- Genre: Television documentary
- Country of origin: United States
- Original language: English
- No. of seasons: 1
- No. of episodes: 10

Production
- Executive producers: Tom Hanks Gary Goetzman Mark Herzog
- Running time: 60 minutes
- Production companies: CNN Playtone Herzog & Company

Original release
- Network: CNN
- Release: May 29 – August 14, 2014

Related
- The Seventies The Eighties The Nineties The 2000s The Movies The 2010s

= The Sixties (miniseries) =

The Sixties is a documentary miniseries which premiered on CNN on May 29, 2014.

== Overview ==
Produced by Tom Hanks and Gary Goetzman's studio Playtone, the 10-part series chronicled events and popular culture of the United States during the 1960s.

==Episodes==

| No. | Title | Original release date | U.S. viewers (millions) |
| 1 | "Television Comes of Age" | May 29, 2014 | 0.946 |
Major events and milestones that lead to the changing landscape of television in the 1960s, including The Twilight Zone, The Fugitive, The Dick Van Dyke Show, and I Dream of Jeannie.
| 2 | "The World on the Brink" | June 5, 2014 | 0.866 |
Events of the Cold War in the 1960s, including the Bay of Pigs Invasion and the Cuban Missile Crisis.
| 3 | "The Assassination of President Kennedy" | June 13, 2014 | 0.765 |
The events surrounding the assassination of John F. Kennedy, including an examination of the 1964 Warren report and interviews with eyewitnesses.
| 4 | "The War in Vietnam" | June 19, 2014 | 0.872 |
The start of the Vietnam War and the role Lyndon B. Johnson played in it.
| 5 | "A Long March to Freedom" | June 26, 2014 | 0.751 |
Key moments in the Civil Rights Movement, including the March on Washington, lunch counter sit-ins, Freedom Rides, Freedom Summer, Integration of schools, and the Children's Crusade.
| 6 | "The British Invasion" | July 10, 2014 | 0.914 |
British musical groups and recording artists, such as the Beatles, that had an influence in the 1960s on American music.
| 7 | "The Space Race" | July 24, 2014 | 0.583 |
The beginning of Space exploration and competition between the United States and the Soviet Union to be the first to land on the Moon.
| 8 | "1968" | July 31, 2014 | 0.797 |
Dramatic events of 1968, including the Soviet incursion into Czechoslovakia, assassinations, developments in the Southeast Asia wars, the end of the Johnson administration, violence at the 1968 Democratic National Convention and Richard Nixon's election.
| 9 | "The Times They Are A-Changin'" | August 7, 2014 | 0.903 |
The changing views people began to have of Feminism, Civil Rights, Environmentalism, Conservatism and Gay Rights in the 1960s.
| 10 | "Sex, Drugs, and Rock 'N' Roll" | August 14, 2014 | 0.921 |
Music of the 1960s takes a new form with sex and drugs.

==Production==
===Development===
In 2013, CNN president Jeff Zucker came up with the concept of The Sixties from conversations about "the forthcoming anniversary of JFK’s assassination, The Beatles, and the civil rights movement". Inspiration for the series also came to Zucker after being impressed with the National Geographic historical television film Killing Lincoln, which included Mark Herzog as one of the executive producers.
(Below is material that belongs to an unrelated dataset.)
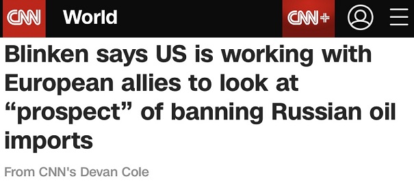 CNN表示,自俄罗斯上月24日入侵乌克兰以来,美国已对俄罗斯及总统普京(Vladimir Putin)实施一系列制裁,但俄罗斯是世界第二大石油生产国,假如真的采取禁止进口俄罗斯石油这一史无前例的制裁措施,国际油价势必会飙升,给各地消费者带来沉重打击。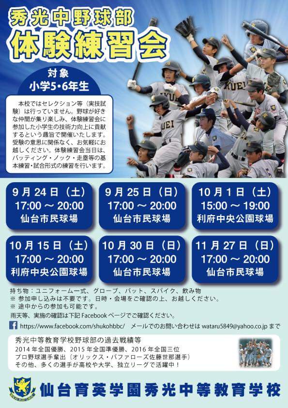 秀光中野球部について、詳しく知りたい場合にはポスターにあるフェイスブックに近況がつづられています。

Upon the announcement of the series by Variety on September 17, 2013, Vinnie Malhotra, senior vice president of development and acquisition in CNN, stated that they were "looking at [The Sixties] as a major television event." With the inception of the project coming within a year of Zucker's appointment as president of CNN, Zucker also stated to Variety that "Projects like this are emblematic of exactly the type of programming that we need more of, signifying a new direction and expanded sensibility at CNN."

===Release===
Although The Sixties premiered in May 2014, the third episode, "The Assassination of President Kennedy", was previously released as its own television special on November 14, 2013, to coincide with the 50th anniversary of John F. Kennedy's assassination.

== Reception ==

=== Viewership ===
The premiere of The Sixties was a ratings success for CNN; it was seen by 1.39 million total viewers, finishing in between Fox News Channel and MSNBC in total viewership, and beating its rivals in key demographic audience share.

== Spin-offs ==
CNN has since commissioned follow-ups covering later decades, including The Seventies (2015), The Eighties (2016), The Nineties (2017), The 2000s (2018), and The 2010s (2023). In 2018, Playtone, which recounted the events of 1968 as episode 8 in this series, revisited the year in more detail in the four-part series 1968: The Year That Changed America.